When a high heart rate persists or keeps coming back without an obvious trigger, medical conditions may be involved. An overactive thyroid gland speeds up your metabolism and your heart along with it. Anemia, where your blood carries less oxygen than normal, forces your heart to beat faster to compensate. Certain heart rhythm disorders cause the electrical signals in your heart to misfire, producing rates that spike suddenly and without warning.

Symptoms That Accompany a High Heart Rate

Sometimes you won’t feel anything at all. Mild tachycardia can come and go without noticeable symptoms, especially if it’s triggered by caffeine or a stressful moment. But as heart rate climbs higher or stays elevated longer, symptoms tend to appear: a racing or pounding sensation in your chest, dizziness, lightheadedness, weakness, and shortness of breath. Some people describe a flopping feeling, as if the heart is flipping over in the chest.

Fainting or near-fainting is a more serious sign. It means your brain isn’t getting enough blood flow, and the heart’s fast rhythm is no longer pumping efficiently. Chest pain alongside a rapid heart rate also warrants immediate attention.

When a High Heart Rate Is Dangerous

Most episodes of mild tachycardia are not emergencies. A heart rate of 105 after your third cup of coffee is uncomfortable but not life-threatening. The danger increases when the fast rhythm originates in the lower chambers of the heart (the ventricles) rather than the upper chambers. One particular type of dangerous rhythm causes the ventricles to quiver instead of pump, and blood pressure drops so dramatically that breathing and pulse can stop within minutes. This is cardiac arrest, and it requires emergency treatment immediately.

Episodes of rapid heart rhythm originating in the ventricles may be brief, lasting only a couple of seconds without causing harm. But if they persist beyond a few seconds, they can become life-threatening. The combination of a heart rate above 100 bpm with symptoms like chest pain, fainting, or severe shortness of breath is the clearest signal to seek emergency care.

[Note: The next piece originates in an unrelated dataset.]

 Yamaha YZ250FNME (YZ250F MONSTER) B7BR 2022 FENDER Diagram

How to Check Your Heart Rate Accurately

A quick pulse check can tell you whether your heart rate is actually elevated or if you’re just feeling anxious about it. Turn one hand palm-up and place the middle three fingers of your other hand on the inner wrist, just below where the thumb connects. Press firmly until you feel a pulsing sensation. Count each beat for 30 seconds, then double that number to get your beats per minute.

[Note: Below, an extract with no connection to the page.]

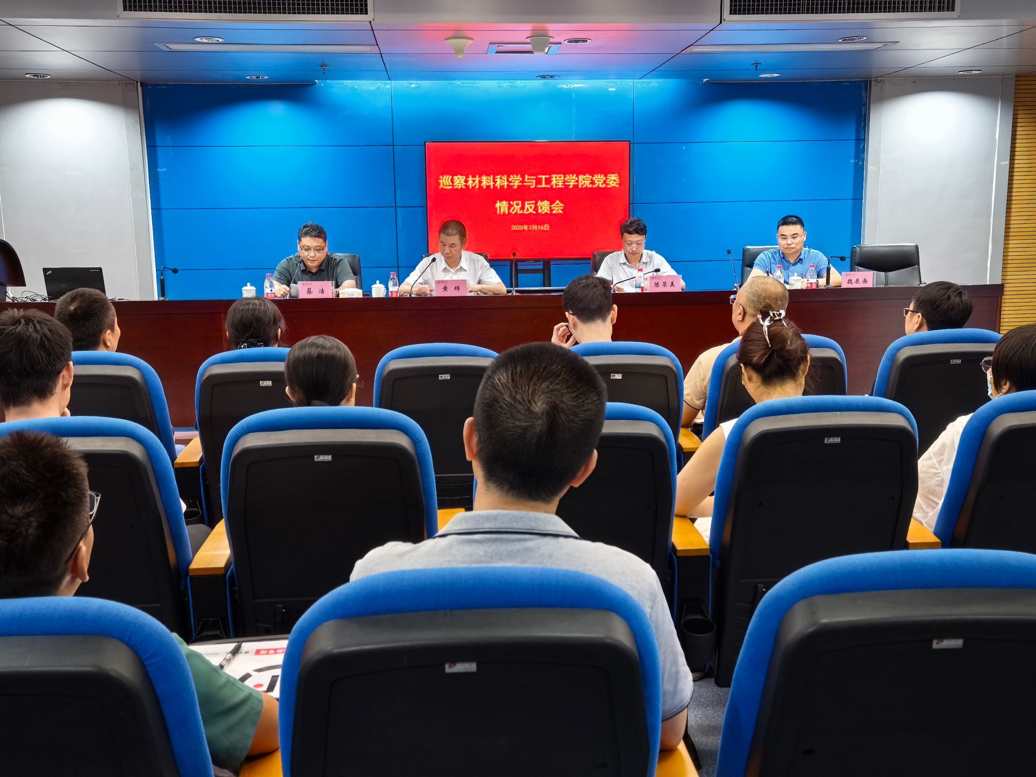 7月16日,学校党委第二巡察组巡察材料科学与工程学院党委情况反馈会在行政研发大楼401会议室召开。校党委常委、副校长黄辉,校党委第二巡察组组长陈荣美,纪检监察室副主任郑莉,党委组织部副部长颜良举等出席会议,学院领导班子成员、党委委员、教师党支部书记、院属教学科研机构负责人、科级干部等参加反馈会。会议由学院党委书记蔡浩主持。

You can also check at your neck by placing your index and middle fingers on one side, just below the jawline. Neck readings are sometimes easier to find when your pulse is faint. If you’re using a smartwatch or fitness tracker, keep in mind that wrist-based optical sensors can be less accurate during movement or if the band is too loose. For the most reliable reading, sit still for a few minutes before checking, and take the measurement at the same time each day if you’re tracking a trend. Morning readings before getting out of bed give the truest resting number.

Lowering a Consistently High Heart Rate

If your resting heart rate regularly sits near or above 100 bpm, lifestyle changes can often bring it down. Regular aerobic exercise is the most effective tool. Over weeks and months, it strengthens the heart muscle so each beat pumps more blood, reducing the total number of beats needed per minute. Even moderate activity like brisk walking, done consistently, produces measurable improvements.

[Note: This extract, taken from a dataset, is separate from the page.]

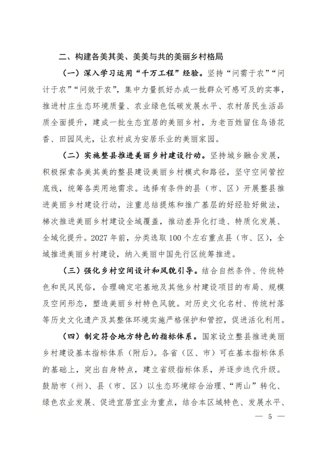 《實(shí)施方案》提出的4方面重點(diǎn)任務(wù)主要包括:構(gòu)建各美其美、美美與共的美麗鄉(xiāng)村格局。實(shí)施整縣推進(jìn)美麗鄉(xiāng)村建設(shè)行動(dòng),梯次推進(jìn)美麗鄉(xiāng)村建設(shè)全域覆蓋。強(qiáng)化鄉(xiāng)村空間設(shè)計(jì)和風(fēng)貌引導(dǎo),塑造美麗鄉(xiāng)村特色風(fēng)貌。制定符合地方特色的指標(biāo)體系,逐步迭代升級。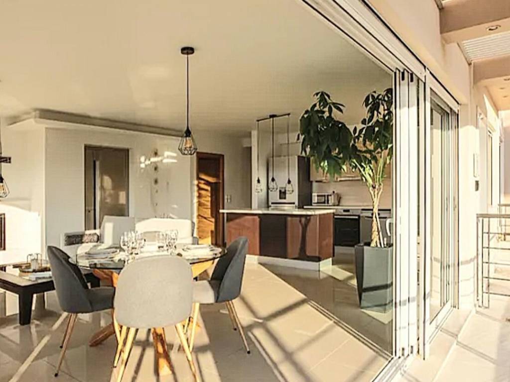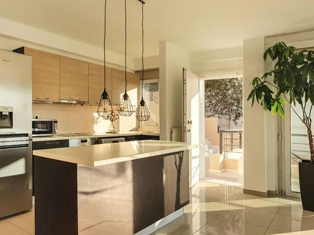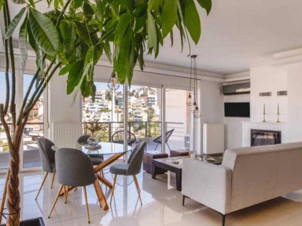 Εξαιρετικό διαμέρισμα πολυτελώς επιπλωμένο και εξοπλισμένο, 2 υ/δ, το ένα master με εσωτερικό βεστιάριο, ευρύχωρο σαλόνι με κουζίνα (ψυγείο, φούρνος, εστίες, πλυντήριο ρούχων κ πιάτων, στεγνωτήριο) ενεργειακό τζάκι, τηλεοράσεις smart, γυμναστήριο, Χωρίς κοινόχρηστα, θέα ανοιχτός ορίζοντας και λόφος Πανοράματος. Διαθέσιμο από 11/2025

Cutting back on caffeine and alcohol, managing stress, staying hydrated, and getting enough sleep all contribute. Nicotine is a direct stimulant to the heart, so quitting smoking or vaping tends to lower resting heart rate relatively quickly. If these changes don’t bring your rate down, or if you’re experiencing symptoms alongside a fast heart rate, the underlying cause may need medical evaluation. Conditions like thyroid dysfunction and certain heart rhythm disorders are treatable, and identifying them early makes a significant difference in outcomes.